§ **SOURCE RECORDS**
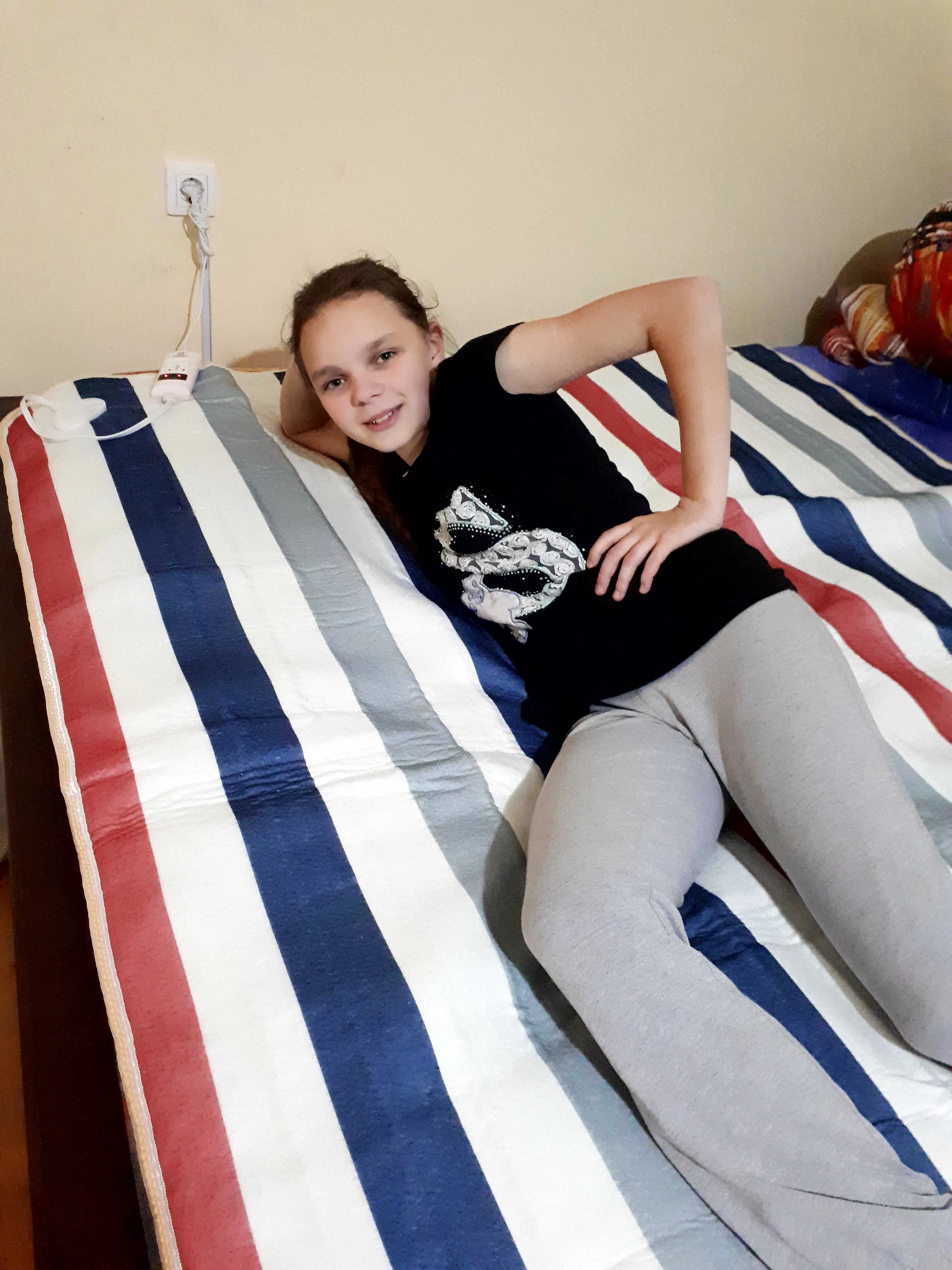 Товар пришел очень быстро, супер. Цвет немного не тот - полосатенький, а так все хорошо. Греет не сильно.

--

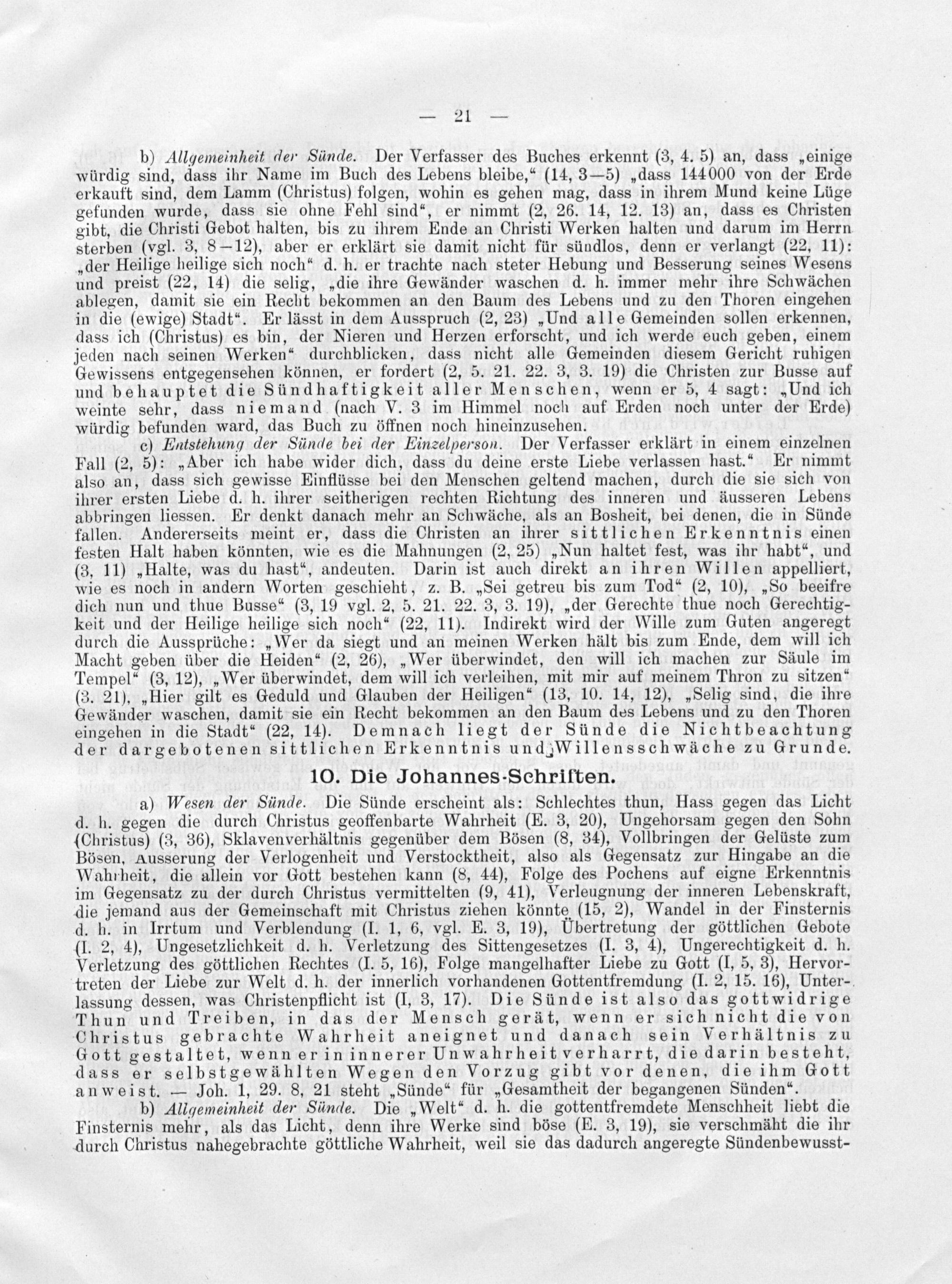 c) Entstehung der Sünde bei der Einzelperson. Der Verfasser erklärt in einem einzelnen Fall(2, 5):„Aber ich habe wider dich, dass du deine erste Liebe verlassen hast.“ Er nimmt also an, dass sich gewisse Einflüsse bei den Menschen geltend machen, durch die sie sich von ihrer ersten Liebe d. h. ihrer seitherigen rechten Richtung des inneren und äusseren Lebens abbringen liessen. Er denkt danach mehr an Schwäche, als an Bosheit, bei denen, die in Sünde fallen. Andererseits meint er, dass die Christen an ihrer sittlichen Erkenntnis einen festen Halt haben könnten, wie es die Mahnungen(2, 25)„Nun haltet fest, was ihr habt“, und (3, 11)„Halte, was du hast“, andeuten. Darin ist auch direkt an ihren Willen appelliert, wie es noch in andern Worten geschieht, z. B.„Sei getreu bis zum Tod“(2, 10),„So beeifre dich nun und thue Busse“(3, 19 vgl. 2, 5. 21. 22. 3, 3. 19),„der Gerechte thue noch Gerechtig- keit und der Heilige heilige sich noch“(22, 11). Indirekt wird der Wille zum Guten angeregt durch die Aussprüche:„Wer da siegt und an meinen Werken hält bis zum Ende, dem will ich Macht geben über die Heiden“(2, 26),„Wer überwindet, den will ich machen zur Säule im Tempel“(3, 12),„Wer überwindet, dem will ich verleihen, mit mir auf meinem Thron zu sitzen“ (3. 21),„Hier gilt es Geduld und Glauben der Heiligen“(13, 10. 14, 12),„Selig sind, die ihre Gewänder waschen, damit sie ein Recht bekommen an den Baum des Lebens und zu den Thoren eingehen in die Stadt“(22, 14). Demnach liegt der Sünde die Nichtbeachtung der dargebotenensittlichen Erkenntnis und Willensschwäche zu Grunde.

...

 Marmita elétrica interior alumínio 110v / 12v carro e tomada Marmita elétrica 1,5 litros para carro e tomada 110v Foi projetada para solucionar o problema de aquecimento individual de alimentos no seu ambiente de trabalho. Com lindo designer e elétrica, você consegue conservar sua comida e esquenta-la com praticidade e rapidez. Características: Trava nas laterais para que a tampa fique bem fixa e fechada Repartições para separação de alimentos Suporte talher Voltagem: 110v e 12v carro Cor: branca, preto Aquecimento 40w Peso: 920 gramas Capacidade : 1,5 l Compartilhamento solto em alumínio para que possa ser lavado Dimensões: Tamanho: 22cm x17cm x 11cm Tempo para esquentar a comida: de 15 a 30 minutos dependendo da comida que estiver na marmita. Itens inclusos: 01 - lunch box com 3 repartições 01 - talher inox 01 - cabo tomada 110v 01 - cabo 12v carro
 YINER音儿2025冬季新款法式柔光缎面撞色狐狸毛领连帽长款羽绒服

§ **YOUR ASSIGNMENT**
Go through the material above and output exactly the lines from the one containing "Marmita elétrica interior" through the one containing "YINER音儿2025冬季新款法式柔光缎面撞色狐狸毛领连帽长款羽绒服".

§ **ANSWER FOR THIS EXERCISE**
 Marmita elétrica interior alumínio 110v / 12v carro e tomada Marmita elétrica 1,5 litros para carro e tomada 110v Foi projetada para solucionar o problema de aquecimento individual de alimentos no seu ambiente de trabalho. Com lindo designer e elétrica, você consegue conservar sua comida e esquenta-la com praticidade e rapidez. Características: Trava nas laterais para que a tampa fique bem fixa e fechada Repartições para separação de alimentos Suporte talher Voltagem: 110v e 12v carro Cor: branca, preto Aquecimento 40w Peso: 920 gramas Capacidade : 1,5 l Compartilhamento solto em alumínio para que possa ser lavado Dimensões: Tamanho: 22cm x17cm x 11cm Tempo para esquentar a comida: de 15 a 30 minutos dependendo da comida que estiver na marmita. Itens inclusos: 01 - lunch box com 3 repartições 01 - talher inox 01 - cabo tomada 110v 01 - cabo 12v carro
 YINER音儿2025冬季新款法式柔光缎面撞色狐狸毛领连帽长款羽绒服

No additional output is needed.